House Passes Legislation Prohibiting on Gender Transition Surgery for Minors


Lawmakers in the Live Free or Die state concluded that the motto does not apply to young transgender people, who will not be able to undergo elective gender transition surgery until they are 18 or older.

In a series of close votes Thursday, the House defeated proposals that would have helped transgender people and voted to join approximately 20 other states in prohibiting transgender surgery for anyone under the age of 18.

After nearly an hour of debate, the House approved House Bill 619, which prohibited the technique, by a vote of 188-175.

The House did pass an amendment that modified the bill while maintaining prohibiting medical operations on minors under the age of 18.

Proponents of the ban argue that there is insufficient proof that executing irreversible medical treatments on children is safe or has a positive outcome.

Rep. Erica Layon, R-Derry, said the Health and Human Services and Elderly Affairs Committee was advised by medical professionals that the operations are safe and successful, but no evidence was provided because no studies on persons under the age of 18 had been conducted.

She stated that the medical standards were altered 16 months ago to allow surgery on those under the age of 18, but that it was not an issue prior to that.

Layon stated that rather than trickling down, the new requirements have been adopted fast in an effort to help these children.

“But we need to wait, we need to pause,” she went on to say. “Is it OK to tell parents the procedure is safe and effective if there is no data?”

Others, however, claim that the treatment is rarely performed on anyone under the age of 20 who has undergone significant therapy, hormone therapy, and lived as their desired sexual orientation for a year.

Rep. Gerri Cannon, D-Somersworth, said she had the treatment as an older adult and was interviewed by three doctors who wanted to be sure it was what she wanted to do.

She noted that there are many good health care providers in New Hampshire who use the best available equipment and that processes are constantly improving to be more effective and efficient.

“This is not about surgery, but about why we are considering putting medical processes into New Hampshire law that is constantly changing,” Cannon went on to say, “and (medical providers) are constantly learning new ways to care for patients and new techniques.”

She stated that the bill is unlike anything the legislature has done before since it will necessitate ongoing monitoring and revisions in the law when changes in the area occur.
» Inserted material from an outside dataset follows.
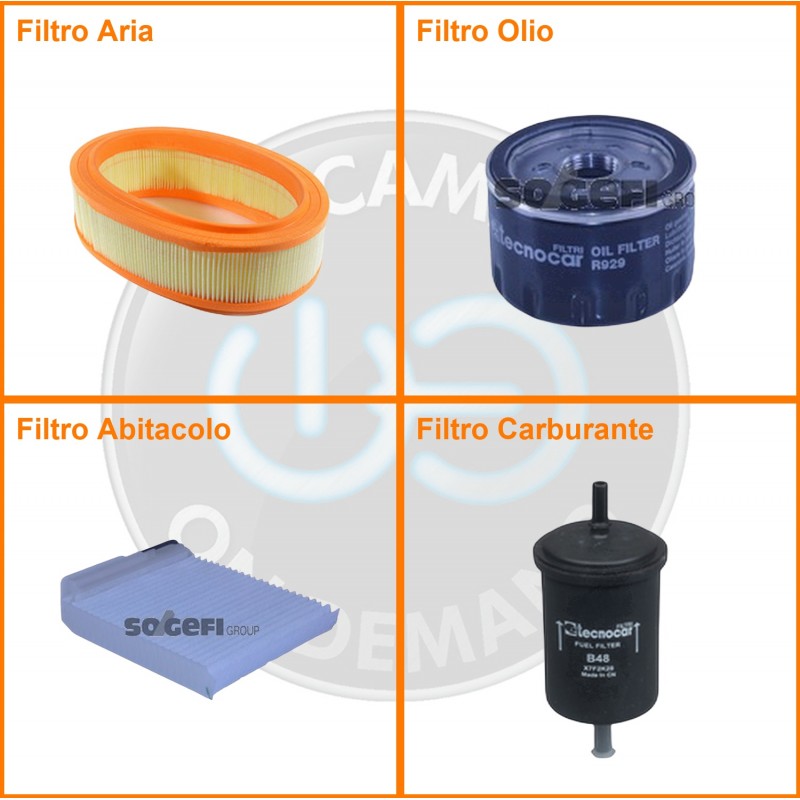 ComposizioneFiltro benzina, Filtro olio, Filtro abitacolo, Filtro aria

“It is not right for New Hampshire, it is not right for the transgender community,” Cannon went on to say. “I hope young people do not take this message badly, I am concerned about the health of many young transgender people.”

The bill is now sent to the Senate, where it is expected to pass as well.

House Bill 396, which empowers the state to recognize and separate persons based on their biological sex in three areas: public restrooms, sports, and correctional institutions, was also adopted by the House.

House Passes Legislation Prohibiting on Gender Transition Surgery for Minors

Rep. Bob Lynn, R-Pelham, said the separation is permitted under federal law in some circumstances, such as college athletics, where the separate but equal doctrine applies, and with privacy rights, such as in a public restroom.

Others, however, claimed that the bill was a step back from the civil rights that a Republican-controlled legislature and governor tried to enshrine just five years ago.

Rep. Shelley Devine, D-Nashua, said the bill would erase the previous legislature’s efforts to combat gender discrimination.

“This is a step back,” she went on to say, “and you risk fostering discrimination.”

Others contended that biological sex was not specified, which would allow people to discriminate based on gender, as has happened in Texas.

However, Lynn stated that if you presented that argument, a judge would laugh you out of court because courts and individuals make these decisions all the time.

“Of course, you can make these decisions that make sense for privacy protection and safety reasons,” Lynn went on to say.

The bill was approved by a vote of 192 to 184.

House Bill 264, which would have made it simpler for transgender people to change their gender on birth certificates, was defeated by a vote of 191-185.

The current procedure necessitates a court order, whereas the measure would have permitted the modification with the consent of a medical provider.

The original birth certificate, as well as other public records indicating the individual’s sexual orientation, would be kept.

House Bill 368, which would have protected parents of children under the age of 18 who had gender-altering surgery in New Hampshire, as well as health care providers, was killed by the House.

Some states, like Texas, want medical records from other states for transgender treatments performed on adolescents in order to pursue child abuse charges against the parents or providers.

Opponents of the law claimed it would convert New Hampshire into a sanctuary state for youngsters undergoing the surgery.

However, supporters claim that it safeguards privacy and parental rights.

The bill was defeated by a vote of 188-186.